- _Supplied records_:

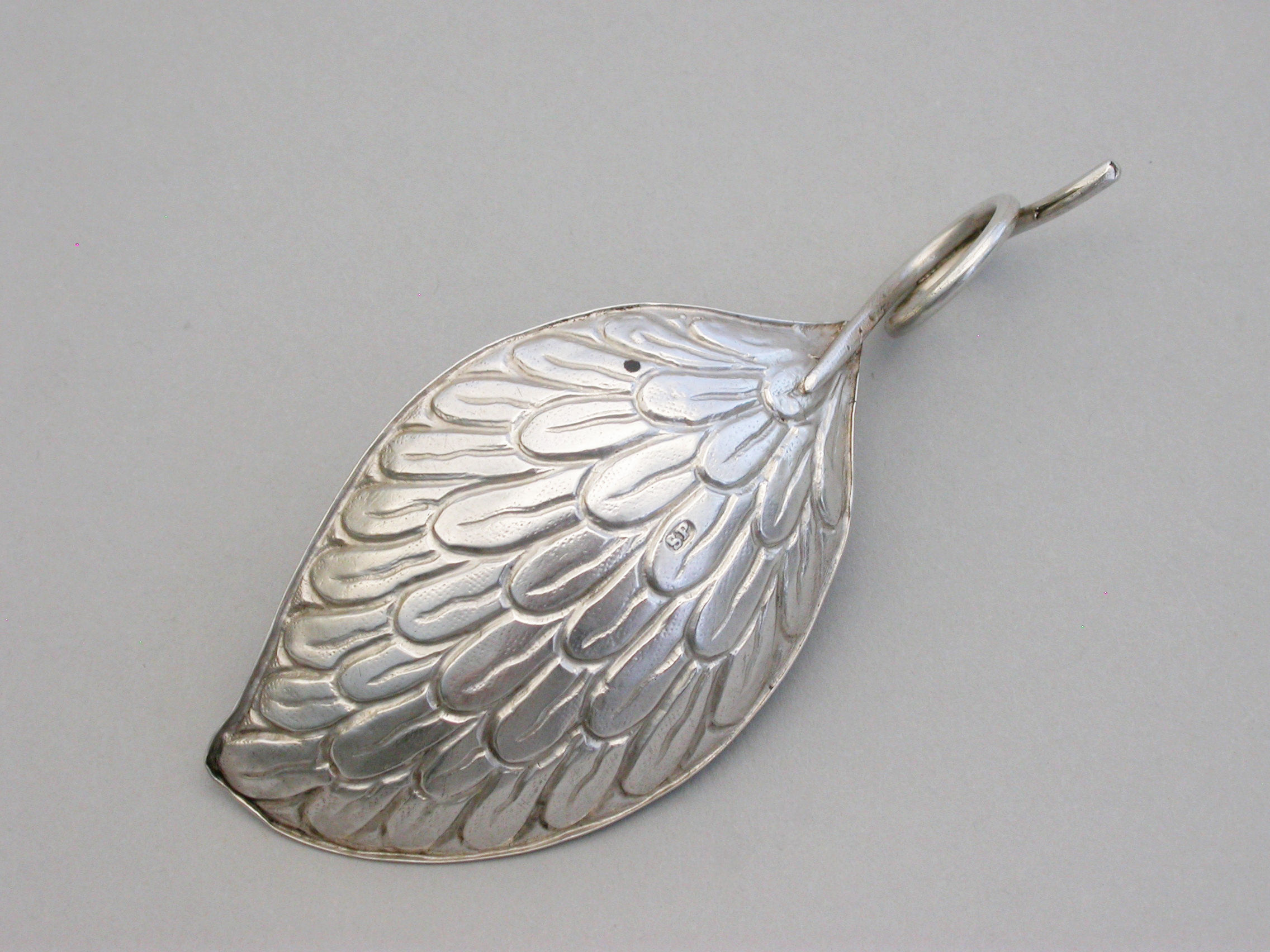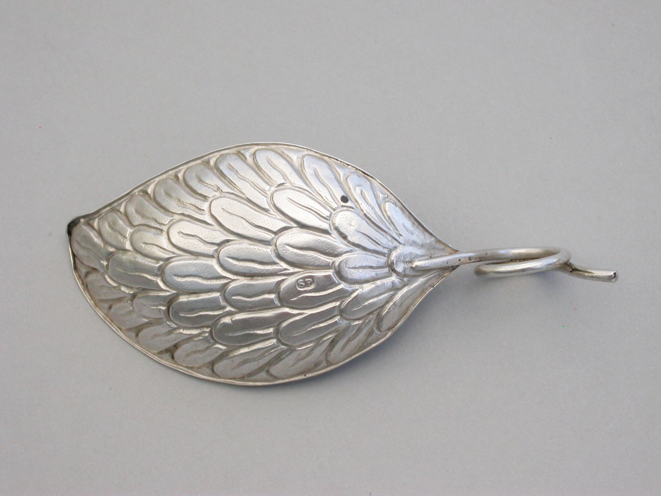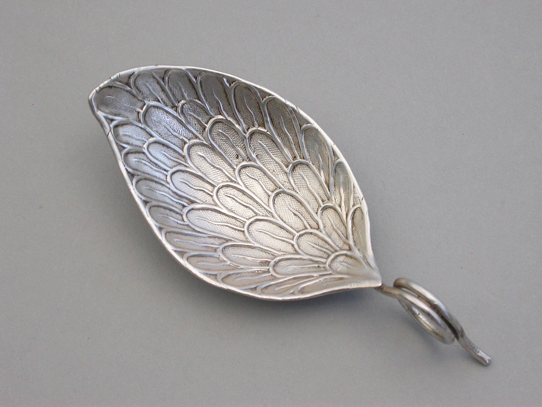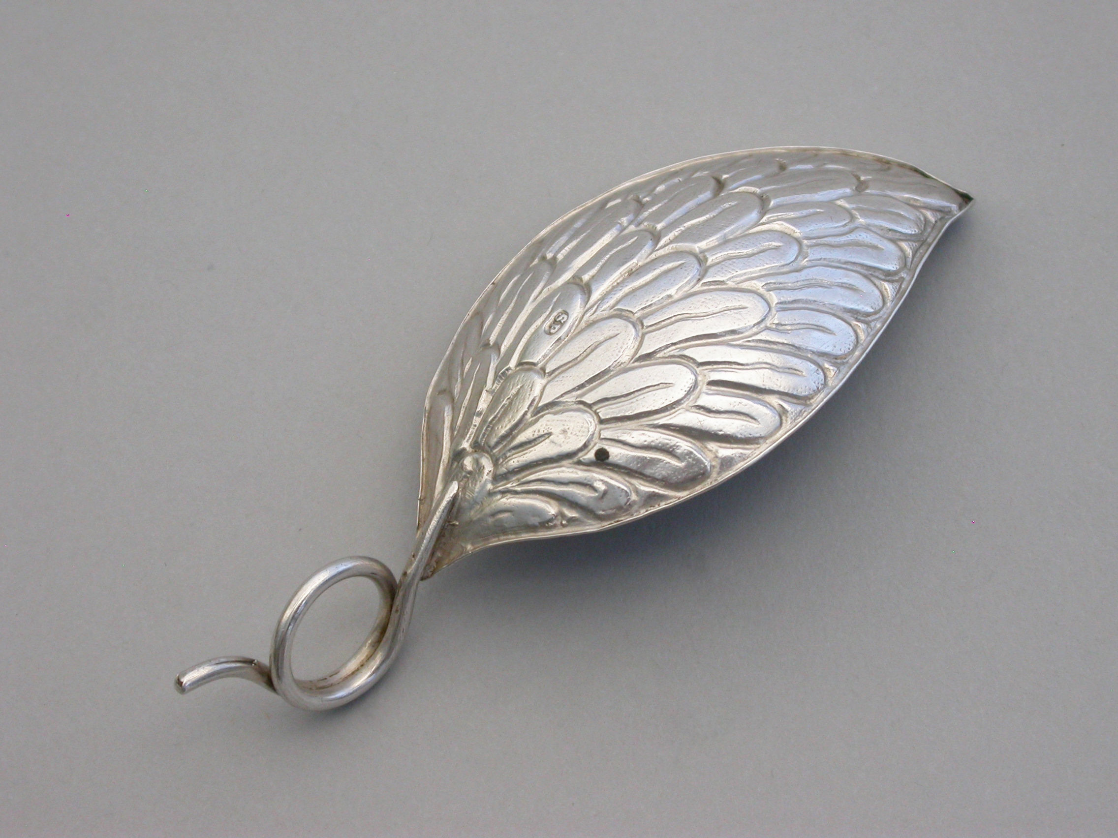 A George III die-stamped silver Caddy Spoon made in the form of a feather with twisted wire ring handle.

...

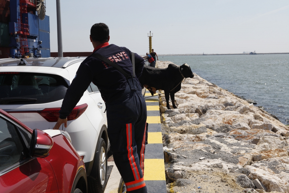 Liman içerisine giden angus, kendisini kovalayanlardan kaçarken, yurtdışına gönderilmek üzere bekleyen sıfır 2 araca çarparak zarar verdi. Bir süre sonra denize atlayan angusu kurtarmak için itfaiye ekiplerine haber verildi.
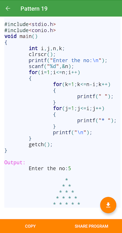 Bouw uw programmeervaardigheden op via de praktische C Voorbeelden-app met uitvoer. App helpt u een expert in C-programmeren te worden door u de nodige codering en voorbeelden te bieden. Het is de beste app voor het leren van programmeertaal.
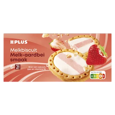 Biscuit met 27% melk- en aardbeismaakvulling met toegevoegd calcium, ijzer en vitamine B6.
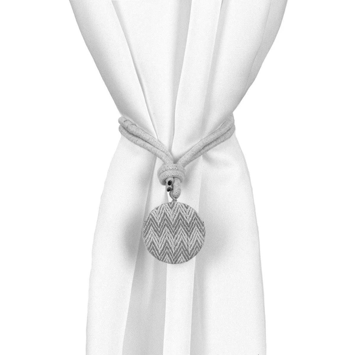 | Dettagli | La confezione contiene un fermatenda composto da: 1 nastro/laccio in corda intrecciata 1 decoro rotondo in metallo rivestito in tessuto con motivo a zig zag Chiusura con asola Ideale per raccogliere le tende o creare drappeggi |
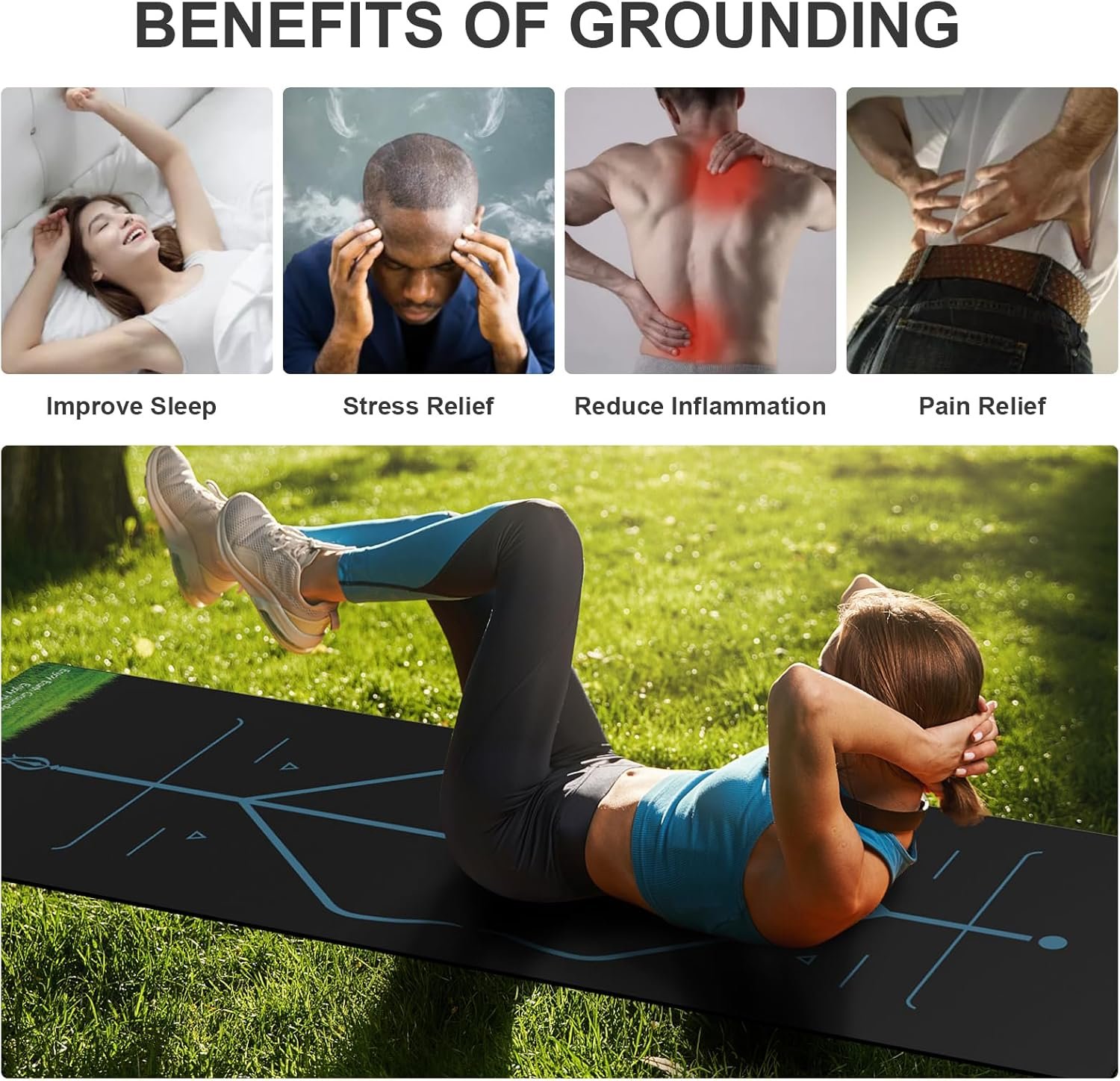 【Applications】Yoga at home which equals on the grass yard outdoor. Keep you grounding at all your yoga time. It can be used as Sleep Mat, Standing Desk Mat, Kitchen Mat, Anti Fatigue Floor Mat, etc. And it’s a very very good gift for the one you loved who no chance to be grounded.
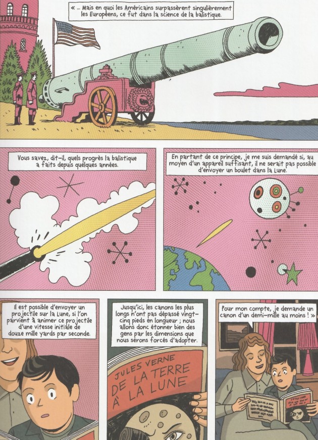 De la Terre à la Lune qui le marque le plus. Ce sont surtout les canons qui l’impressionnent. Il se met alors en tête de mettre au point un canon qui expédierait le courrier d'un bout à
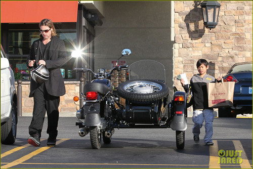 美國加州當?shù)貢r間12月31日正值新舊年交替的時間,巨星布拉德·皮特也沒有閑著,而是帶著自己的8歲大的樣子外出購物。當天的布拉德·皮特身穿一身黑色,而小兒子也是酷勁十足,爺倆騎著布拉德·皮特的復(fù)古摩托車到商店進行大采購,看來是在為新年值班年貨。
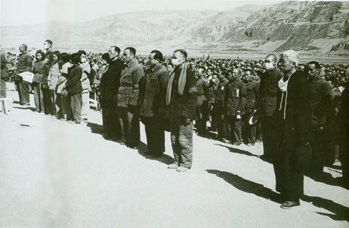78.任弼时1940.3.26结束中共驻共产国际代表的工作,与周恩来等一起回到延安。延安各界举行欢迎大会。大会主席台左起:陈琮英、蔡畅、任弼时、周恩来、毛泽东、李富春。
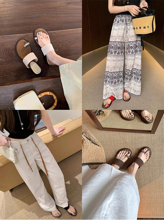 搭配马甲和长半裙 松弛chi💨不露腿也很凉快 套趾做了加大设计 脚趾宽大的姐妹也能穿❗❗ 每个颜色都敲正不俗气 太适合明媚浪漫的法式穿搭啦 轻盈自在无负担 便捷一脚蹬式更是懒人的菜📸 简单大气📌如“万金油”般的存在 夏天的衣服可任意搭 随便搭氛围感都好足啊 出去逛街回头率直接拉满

...

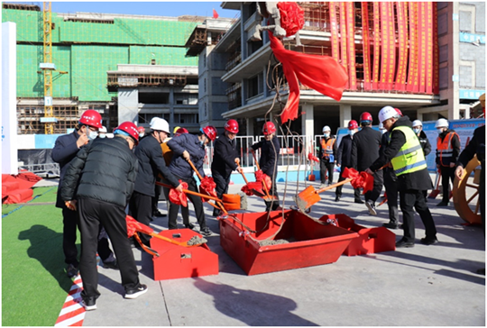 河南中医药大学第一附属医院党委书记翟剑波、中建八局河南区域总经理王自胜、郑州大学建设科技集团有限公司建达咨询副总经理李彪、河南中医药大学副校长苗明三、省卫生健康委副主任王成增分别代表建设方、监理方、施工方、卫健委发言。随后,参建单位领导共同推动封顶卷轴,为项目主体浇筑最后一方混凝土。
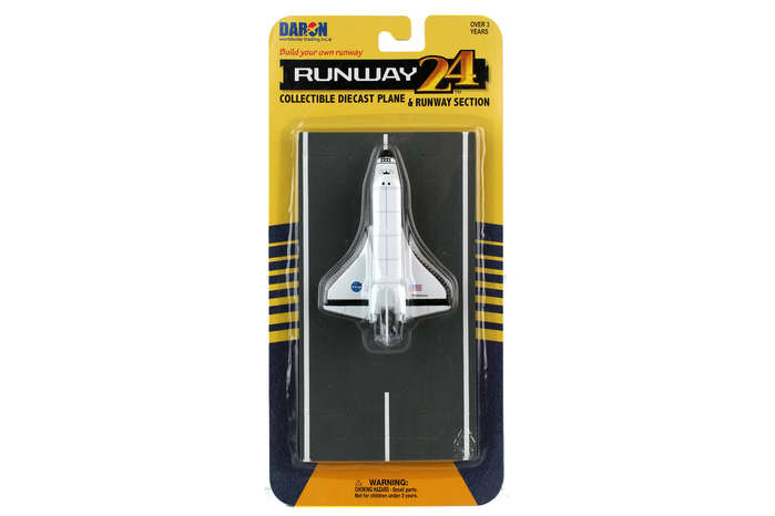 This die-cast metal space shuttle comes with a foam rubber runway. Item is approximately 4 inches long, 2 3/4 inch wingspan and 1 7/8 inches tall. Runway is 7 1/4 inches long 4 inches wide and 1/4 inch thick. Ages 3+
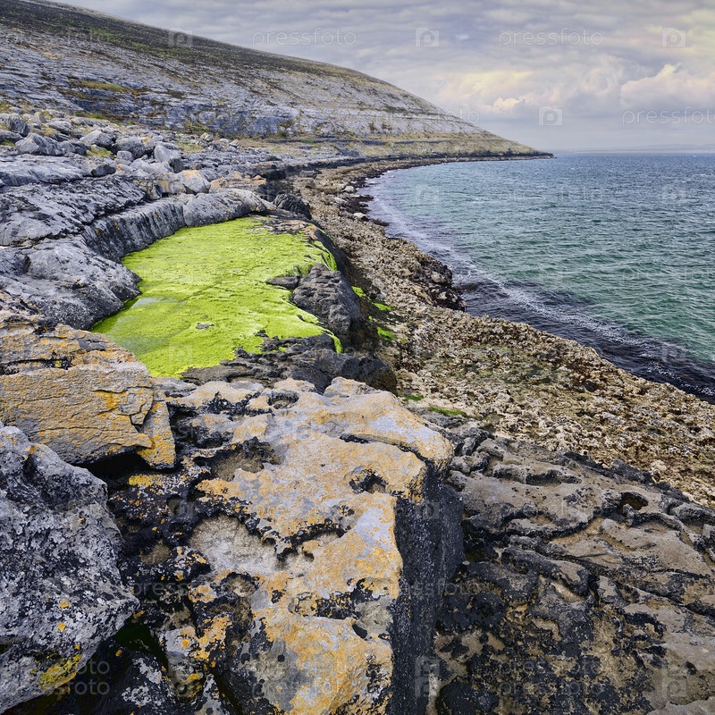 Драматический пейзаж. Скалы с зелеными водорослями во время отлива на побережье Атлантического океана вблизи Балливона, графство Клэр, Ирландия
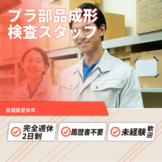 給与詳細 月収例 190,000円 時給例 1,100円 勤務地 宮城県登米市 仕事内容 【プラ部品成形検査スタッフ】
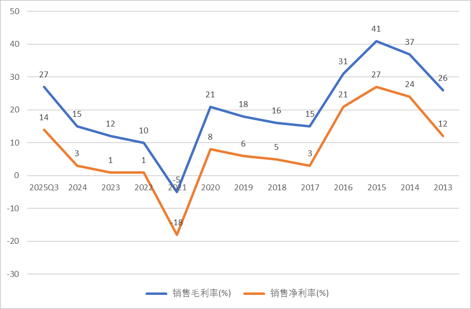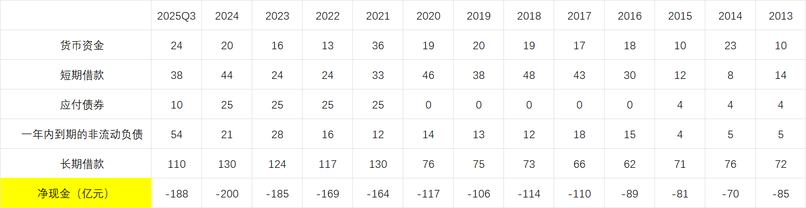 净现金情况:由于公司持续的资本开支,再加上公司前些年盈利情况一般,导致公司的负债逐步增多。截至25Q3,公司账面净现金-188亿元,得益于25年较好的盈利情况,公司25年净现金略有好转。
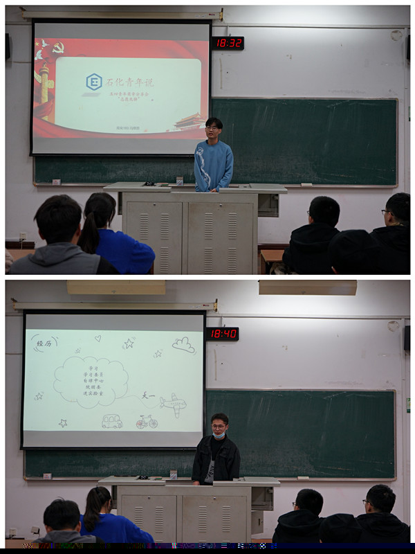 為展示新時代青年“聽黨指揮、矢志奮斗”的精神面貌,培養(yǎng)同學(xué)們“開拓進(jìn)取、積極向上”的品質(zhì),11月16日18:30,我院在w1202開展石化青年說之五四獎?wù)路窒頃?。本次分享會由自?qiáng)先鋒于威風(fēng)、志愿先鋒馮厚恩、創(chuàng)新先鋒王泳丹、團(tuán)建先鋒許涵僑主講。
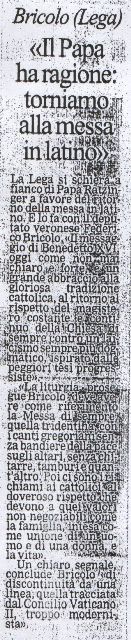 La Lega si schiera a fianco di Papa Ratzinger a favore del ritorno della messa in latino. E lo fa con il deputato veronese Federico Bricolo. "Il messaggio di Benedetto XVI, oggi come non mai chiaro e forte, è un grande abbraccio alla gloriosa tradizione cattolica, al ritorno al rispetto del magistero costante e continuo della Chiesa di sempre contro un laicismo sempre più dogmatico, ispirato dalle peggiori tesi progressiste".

- _Task objective_:
Reproduce exactly, with no pictures, the lines above from the one holding "Biscuit met 27%" to the one holding "creare drappeggi |", inclusive.

- _Output below_:
 Biscuit met 27% melk- en aardbeismaakvulling met toegevoegd calcium, ijzer en vitamine B6.
 | Dettagli | La confezione contiene un fermatenda composto da: 1 nastro/laccio in corda intrecciata 1 decoro rotondo in metallo rivestito in tessuto con motivo a zig zag Chiusura con asola Ideale per raccogliere le tende o creare drappeggi |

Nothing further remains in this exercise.